The Story of Alabama
Author | : Marie Bankhead Owen |
Publisher | : |
Total Pages | : 690 |
Release | : 1949 |
Genre | : Alabama |
ISBN | : |
Based on T.M. Owen's history of Alabama and dictionary of Alabama biography published in 1921.
Download A Narrative History Of The National Youth Administration Of Alabama 1936 full books in PDF, epub, and Kindle. Read online free A Narrative History Of The National Youth Administration Of Alabama 1936 ebook anywhere anytime directly on your device. Fast Download speed and no annoying ads. We cannot guarantee that every ebooks is available!
Author | : Marie Bankhead Owen |
Publisher | : |
Total Pages | : 690 |
Release | : 1949 |
Genre | : Alabama |
ISBN | : |
Based on T.M. Owen's history of Alabama and dictionary of Alabama biography published in 1921.

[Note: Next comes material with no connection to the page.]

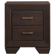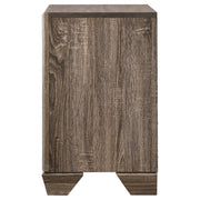 Crisp lines and warm hues are showcased in this transitional two-drawer nightstand. Covered in a soft washed taupe finish, the clean silhouette is given visual intrigue with an exposed wood grain in natural oak. Elongated, crisp metallic hardware creates sleek contrast. Constructed with black recessed grooves around picture framed case fronts, the front of the frame is elongated with tapered legs. Dress up the greyish brown hue of the patina with a vase of fresh flowers or a sculpture-inspired lamp. Key Features: • Two-drawer nightstand with a clean rectangular silhouette and tapered block feet • Washed taupe finish highlights a weathered wood grain with natural oak character • Framed drawer fronts feature black recessed grooves for dimensional contrast • Sleek chrome metal handles add a modern touch to the transitional profile • Drawers equipped with Kenlin glides for quiet and smooth everyday use • Built from engineered wood, scratch-resistant veneer, and composite core
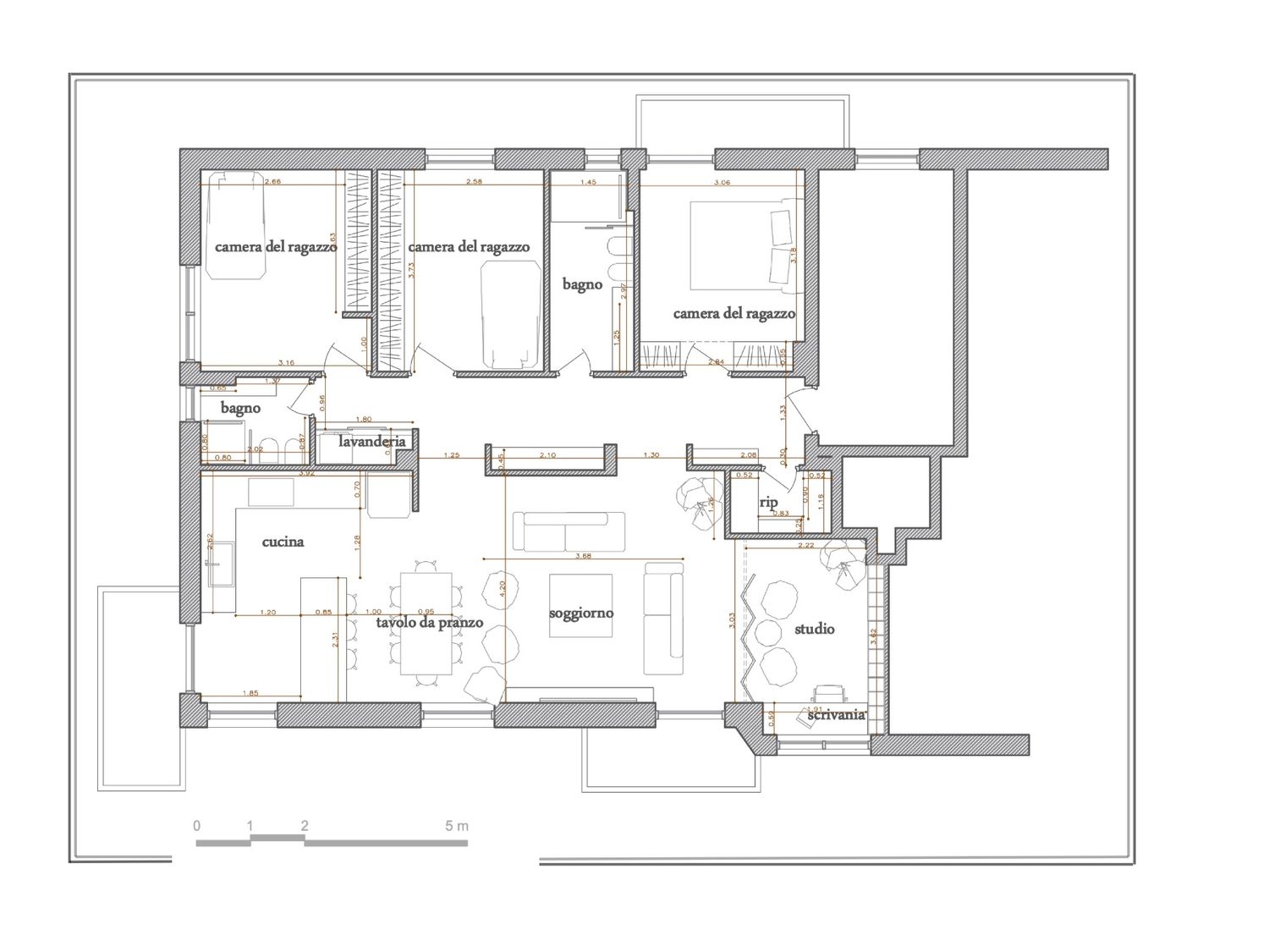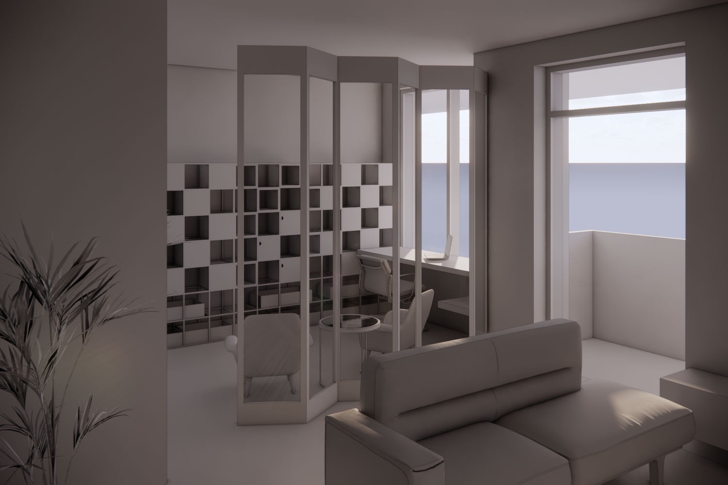 I tried to make the least amount of changes so that demolition costs stay at a minimum while achieving better efficiency. My proposal for your plan is this design, where I was able to create a storage room for you and also arrange the library and workspace so they remain connected with living room . With accordion glass doors, you’ll be able to separate the library from the living room, or keep them as one continuous space.

Author | : Nancy Joan Weiss |
Publisher | : Princeton University Press |
Total Pages | : 355 |
Release | : 2020-09-01 |
Genre | : History |
ISBN | : 0691218005 |
This book examines a remarkable political phenomenon--the dramatic shift of black voters from the Republican to the Democratic party in the 1930s, a shift all the more striking in light of the Democrats' indifference to racial concerns. Nancy J. Weiss shows that blacks became Democrats in response to the economic benefits of the New Deal and that they voted for Franklin Roosevelt in spite of the New Deal's lack of a substantive record on race. By their support for FDR blacks forged a political commitment to the Democratic party that has lasted to our own time. The last group to join the New Deal coalition, they have been the group that remained the most loyal to the Democratic party. This book explains the sources of their commitment in the 1930s. It stresses the central role of economic concerns in shaping black political behavior and clarifies both the New Deal record on race and the extraordinary relationship between black voters and the Roosevelts.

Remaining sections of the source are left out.